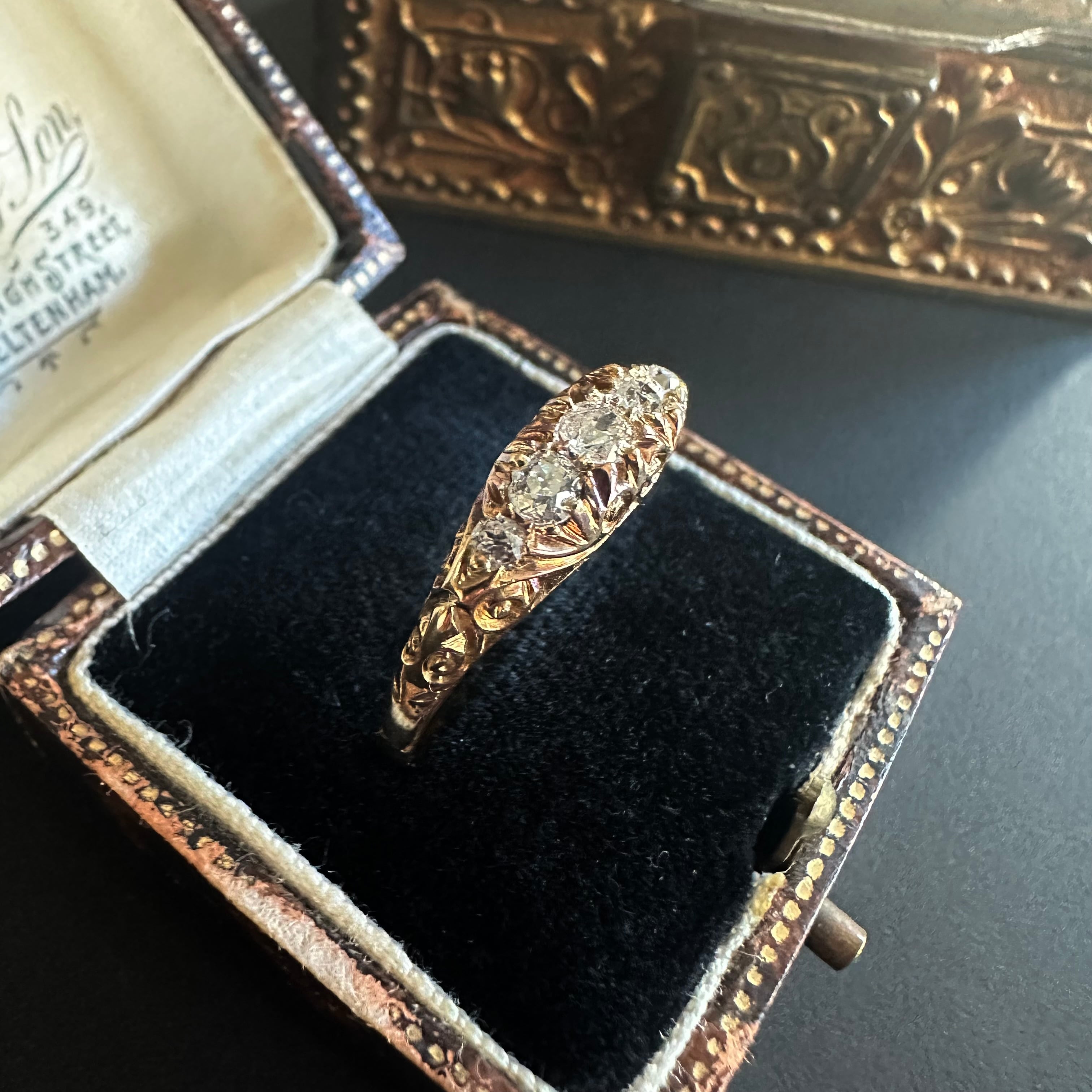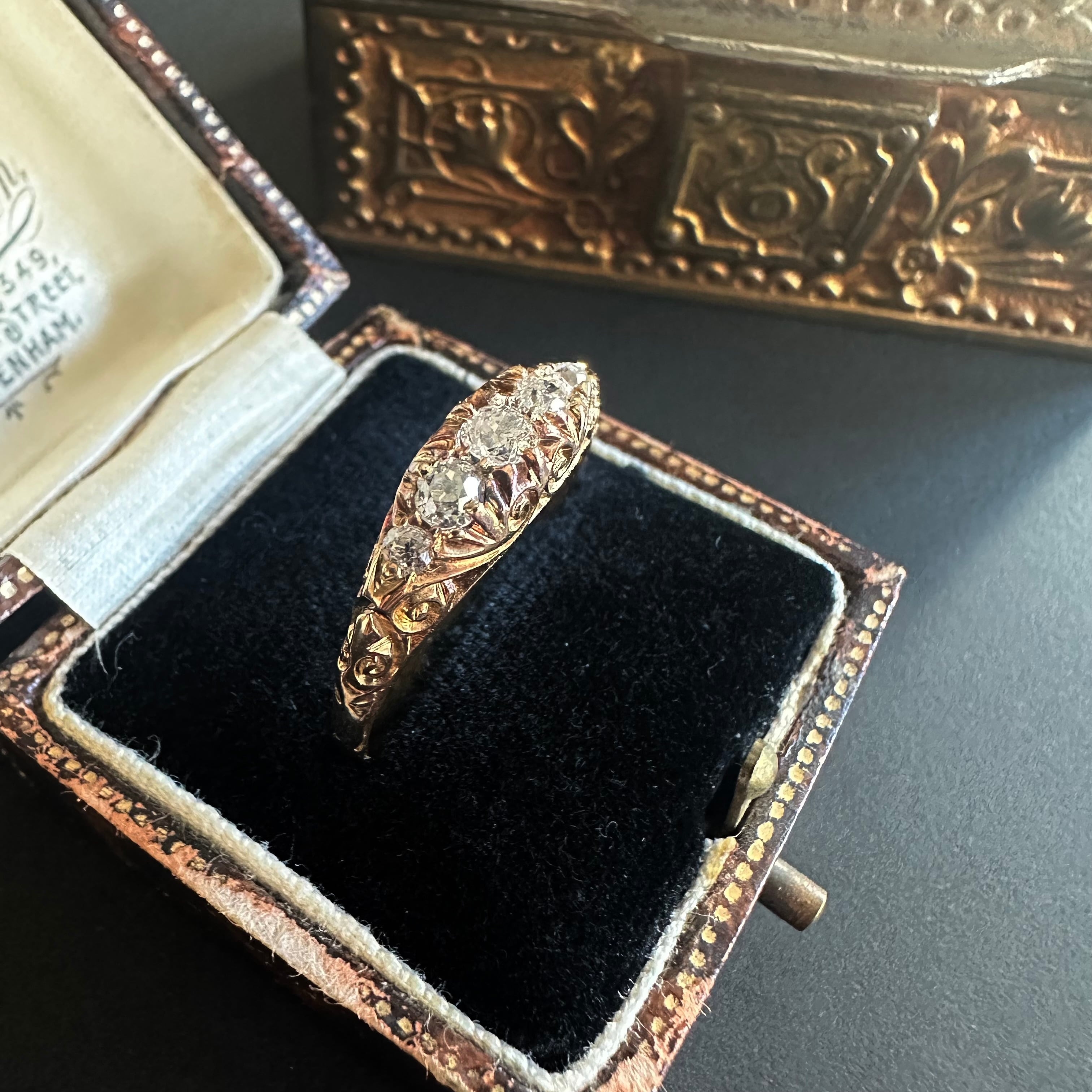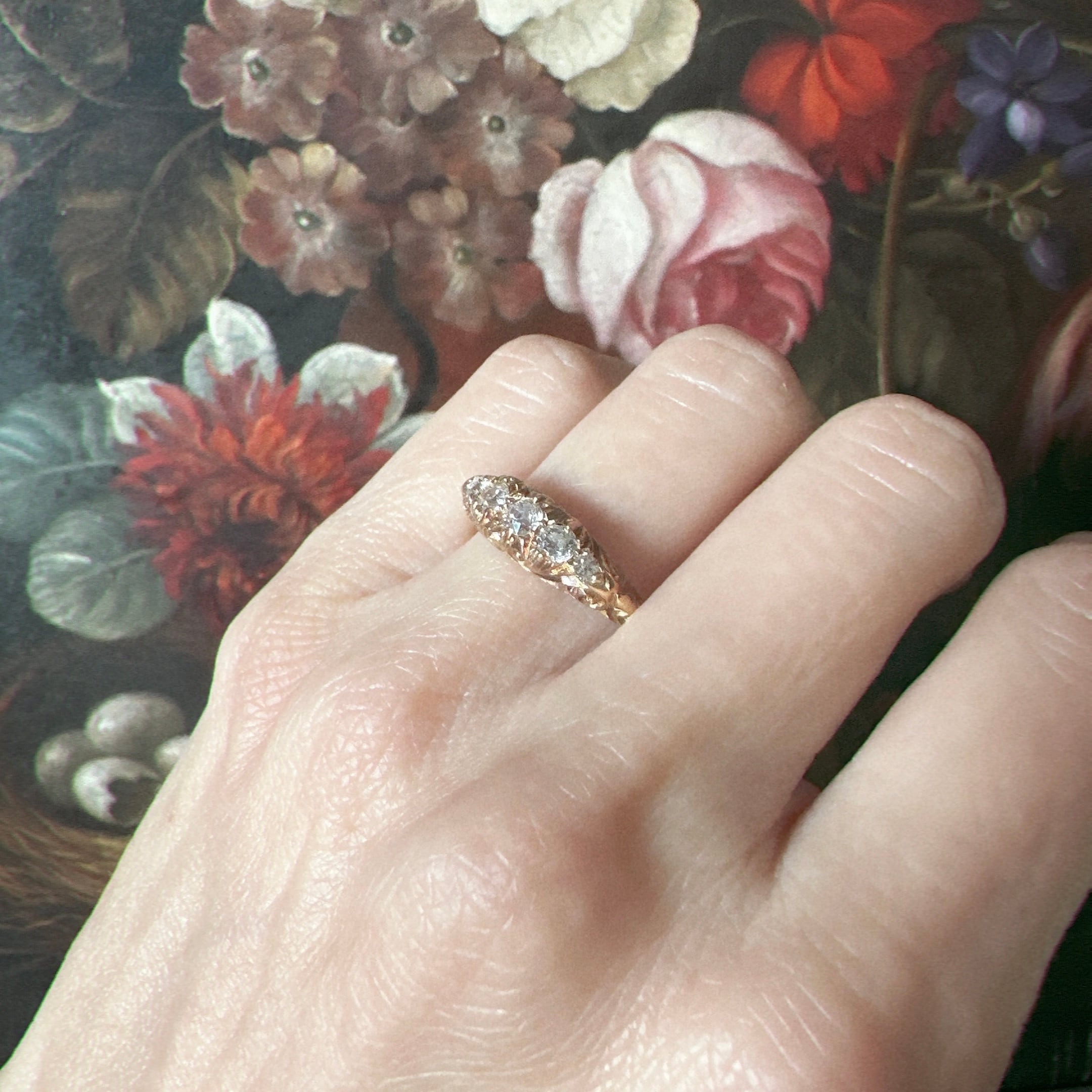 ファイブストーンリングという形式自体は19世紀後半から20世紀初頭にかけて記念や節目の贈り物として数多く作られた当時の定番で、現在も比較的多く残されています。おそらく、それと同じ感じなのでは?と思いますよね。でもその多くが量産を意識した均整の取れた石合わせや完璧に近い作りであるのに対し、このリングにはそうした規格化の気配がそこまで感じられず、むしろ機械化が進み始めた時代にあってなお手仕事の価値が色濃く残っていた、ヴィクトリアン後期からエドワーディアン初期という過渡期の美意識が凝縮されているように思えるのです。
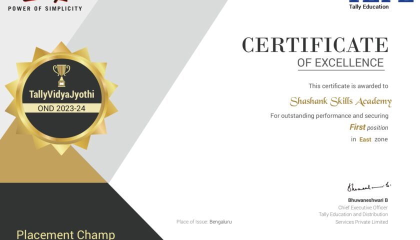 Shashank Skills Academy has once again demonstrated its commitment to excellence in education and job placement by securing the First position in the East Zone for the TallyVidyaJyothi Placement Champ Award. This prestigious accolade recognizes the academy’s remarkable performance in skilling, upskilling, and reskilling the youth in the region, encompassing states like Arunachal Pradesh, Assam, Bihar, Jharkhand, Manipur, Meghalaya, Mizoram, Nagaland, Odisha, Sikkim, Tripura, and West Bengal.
———
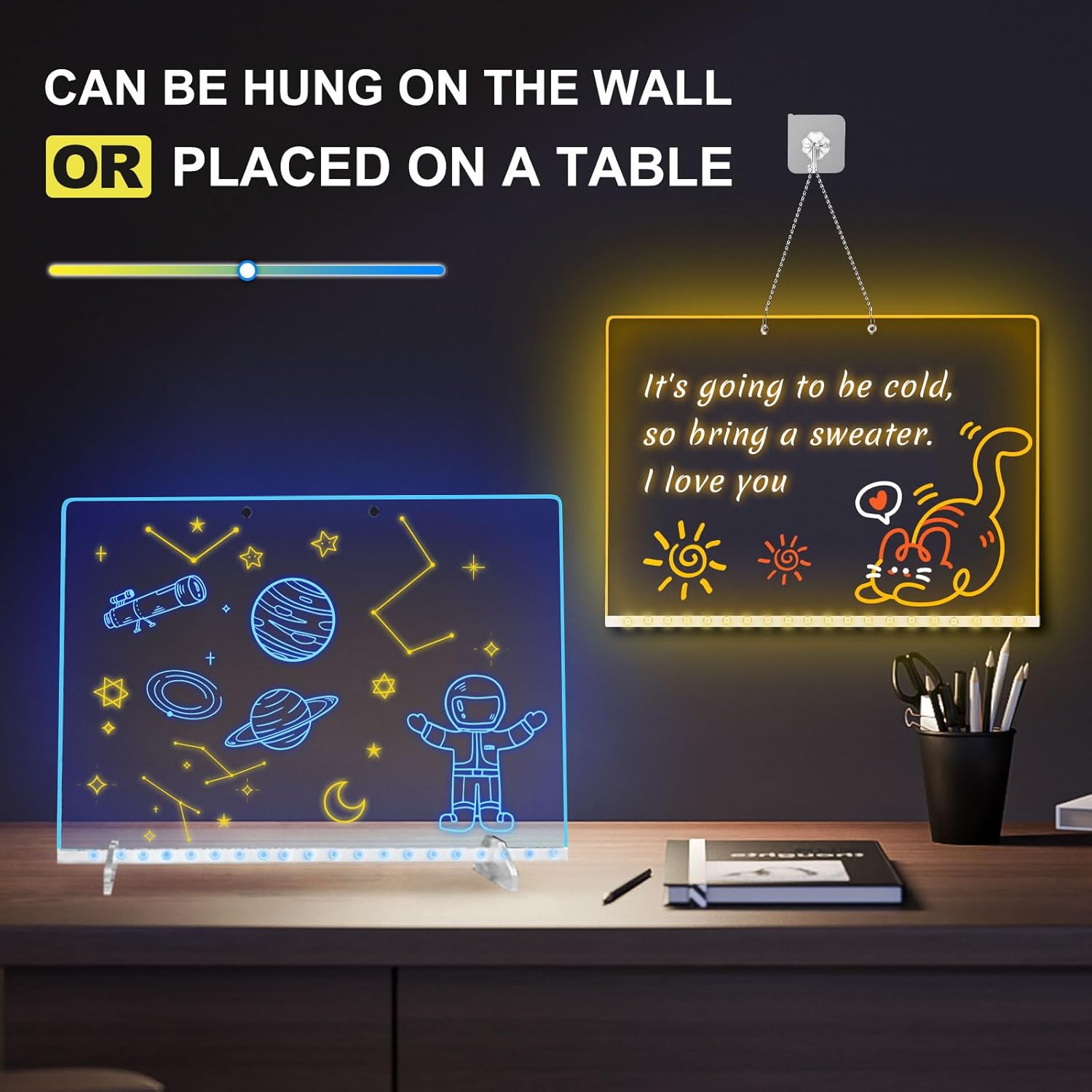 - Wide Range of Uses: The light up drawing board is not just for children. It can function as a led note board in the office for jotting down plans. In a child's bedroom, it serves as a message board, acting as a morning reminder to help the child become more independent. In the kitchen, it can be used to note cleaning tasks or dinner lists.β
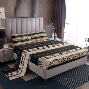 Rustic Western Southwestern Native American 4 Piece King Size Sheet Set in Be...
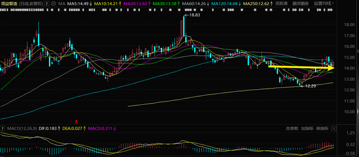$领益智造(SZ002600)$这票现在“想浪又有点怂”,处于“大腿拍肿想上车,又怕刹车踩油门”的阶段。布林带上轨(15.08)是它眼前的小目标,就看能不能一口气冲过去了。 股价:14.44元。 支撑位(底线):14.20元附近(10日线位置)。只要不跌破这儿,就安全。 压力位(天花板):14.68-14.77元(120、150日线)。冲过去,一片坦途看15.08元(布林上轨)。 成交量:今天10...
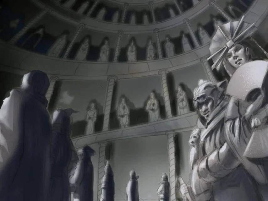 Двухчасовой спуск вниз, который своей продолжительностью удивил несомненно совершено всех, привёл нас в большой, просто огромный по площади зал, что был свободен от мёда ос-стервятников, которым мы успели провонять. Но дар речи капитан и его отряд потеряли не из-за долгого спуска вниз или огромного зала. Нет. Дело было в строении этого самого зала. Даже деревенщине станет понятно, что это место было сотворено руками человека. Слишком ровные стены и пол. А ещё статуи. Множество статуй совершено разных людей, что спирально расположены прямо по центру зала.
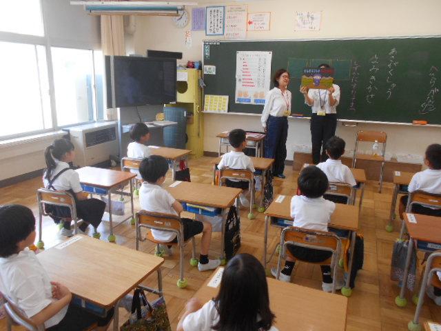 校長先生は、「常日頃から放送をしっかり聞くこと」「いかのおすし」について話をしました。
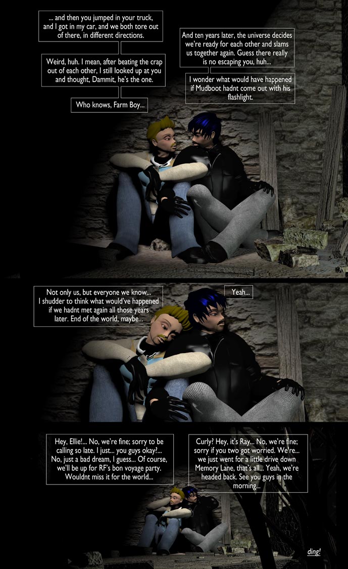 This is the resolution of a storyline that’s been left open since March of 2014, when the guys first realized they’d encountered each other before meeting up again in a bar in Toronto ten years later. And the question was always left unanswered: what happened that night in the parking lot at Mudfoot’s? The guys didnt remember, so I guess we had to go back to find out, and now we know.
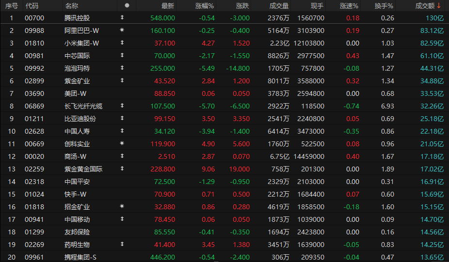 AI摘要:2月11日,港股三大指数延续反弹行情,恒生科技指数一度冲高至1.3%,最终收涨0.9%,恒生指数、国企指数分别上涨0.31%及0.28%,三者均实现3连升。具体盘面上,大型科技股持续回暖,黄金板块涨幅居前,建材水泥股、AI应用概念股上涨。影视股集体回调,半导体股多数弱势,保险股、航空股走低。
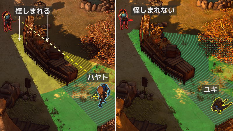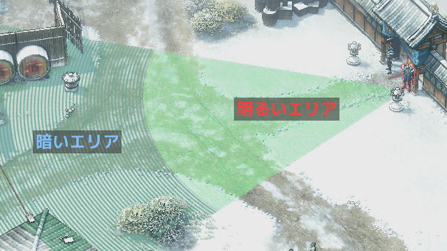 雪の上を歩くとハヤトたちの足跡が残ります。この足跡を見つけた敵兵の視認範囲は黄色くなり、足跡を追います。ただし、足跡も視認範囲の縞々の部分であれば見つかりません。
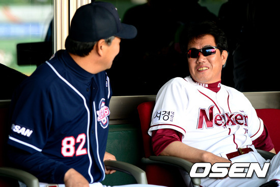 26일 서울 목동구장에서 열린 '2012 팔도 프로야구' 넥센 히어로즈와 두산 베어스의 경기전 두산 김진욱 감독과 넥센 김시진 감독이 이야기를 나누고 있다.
———
» Assignment
Although pictures appear among the records above, write out exactly only the lines from the one that has "ファイブストーンリングという" through the one that has "Shashank Skills Academy", and leave the pictures out.

» Solution for this task
 ファイブストーンリングという形式自体は19世紀後半から20世紀初頭にかけて記念や節目の贈り物として数多く作られた当時の定番で、現在も比較的多く残されています。おそらく、それと同じ感じなのでは?と思いますよね。でもその多くが量産を意識した均整の取れた石合わせや完璧に近い作りであるのに対し、このリングにはそうした規格化の気配がそこまで感じられず、むしろ機械化が進み始めた時代にあってなお手仕事の価値が色濃く残っていた、ヴィクトリアン後期からエドワーディアン初期という過渡期の美意識が凝縮されているように思えるのです。
 Shashank Skills Academy has once again demonstrated its commitment to excellence in education and job placement by securing the First position in the East Zone for the TallyVidyaJyothi Placement Champ Award. This prestigious accolade recognizes the academy’s remarkable performance in skilling, upskilling, and reskilling the youth in the region, encompassing states like Arunachal Pradesh, Assam, Bihar, Jharkhand, Manipur, Meghalaya, Mizoram, Nagaland, Odisha, Sikkim, Tripura, and West Bengal.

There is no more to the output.